Saturday, February 28, 2009

I'm going to the HIllams.........

"Where have you been?"

"At the Hillams."

This was the usual Sunday afternoon ritual, after church, dinner and dishes! (you could always count on dessert at the Hillam's)

Carolyn, Ray and the clan moved in sometime after we came from California. My first significant memory was loading into the back of a crowed car and traveling to Lagoon with Ray, my dad, and all the kids. That was beginning of the our mutual adoption process, that day we became Hillam's and they became Hickman's as if our home became separated by 4 homes on Locust Lane.
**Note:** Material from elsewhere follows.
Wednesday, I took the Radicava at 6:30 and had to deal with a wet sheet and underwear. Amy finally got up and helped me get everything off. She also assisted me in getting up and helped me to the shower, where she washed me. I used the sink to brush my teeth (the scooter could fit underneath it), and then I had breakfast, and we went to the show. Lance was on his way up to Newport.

Can't even count the number of mornings our breakfast was punctuated by Ray's entrance into the house with the command to my father "Letsgo!" I then dutifully followed their lead down Ash Ave listening to one or more "arguments" about politics, sports, the weather, or whatever came to their minds.

The year of the "Miracle Bowl, my father couldn't take it any longer he grabbed his hat, coat and me in tow for the walk to Ray's. When we got there we sat on the basement stairs moaning about the impending BYU loss. As the tide began to turn for the Y and Glen Redd came up with the winning touch down, I watched Carolyn jump up and punch a hole in the drop ceiling tiles and my father bowed in front of the TV, with arms outstretched with crys of "OH LAVELL"
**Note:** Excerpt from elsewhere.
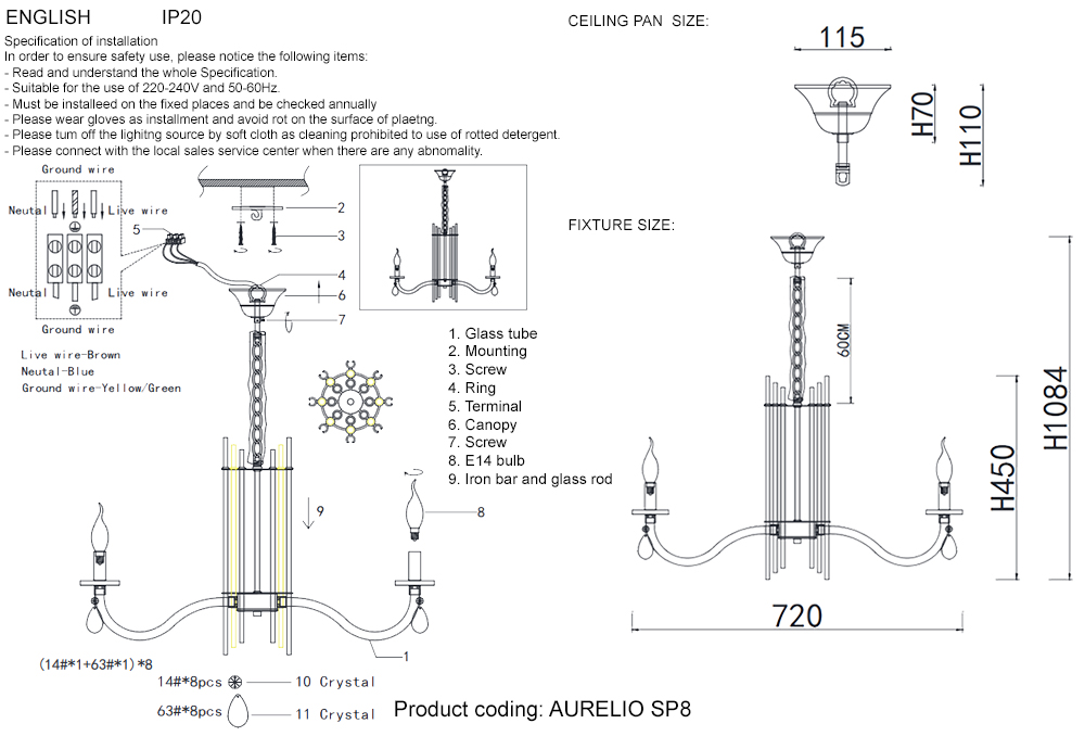 AURELIO SP8 GOLD+CHROME/TRANSPARENT

In later years Ray and Carolyn would sit with us in the ICU waiting room while we listened to the damage dad's heart had taken while playing racquetball with Ray and friends earlier that day. Ray would sit with Dad during the days following the heart attack.

Our entire family has benefited from Rays tireless work at the cabin, one I hope to never see leave the family, Hillam or Hickman!
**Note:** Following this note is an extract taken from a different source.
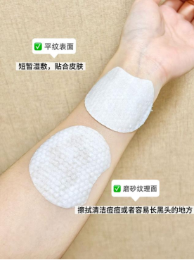 2. 湿敷法(适合已建立耐受或局部加强) 当肌肤适应后,可在痘痘、黑头等特定问题区域进行局部湿敷。将棉片光滑面贴合皮肤,敷1-3分钟即可。此法能集中护理,加速改善局部问题。可将棉片剪裁成适合鼻翼、嘴角等小区域的形状,让护理更精准,避免浪费。

The Hillam's have left Locust Lane so when Carolyn stopped by while I was making Curry for my mother I imagined that Carolyn had taken the short walk from 4 houses down. I imagined that Ray could walk and talk like the old days, that I would be able to stop and see anyone of the girls or Mark.

We are all grown up now, children of our own, some with grandchildren they all seem to mesh into the Hickman/Hillam clan. Even though Ray and Carolyn have moved I will always look to the west to see who is setting in the picture window of my "other home".

Friday, February 27, 2009

Curry the right way!

A few details......in 3 short acts:



Act I

Stopped for gas, so I didn't have to on the way home and be late picking up Warren and Wyatt for our grandma sleep over.

Phone rings.....



Mom: Where are you?!!


Me: Getting gas


Mom: AGHHHH!! Hurry!!



Act II

Arrive at mom's house, ground beef is already browning (not so subtle message). I start to chop the onions, get out the pressure cooker, put onions in the pot.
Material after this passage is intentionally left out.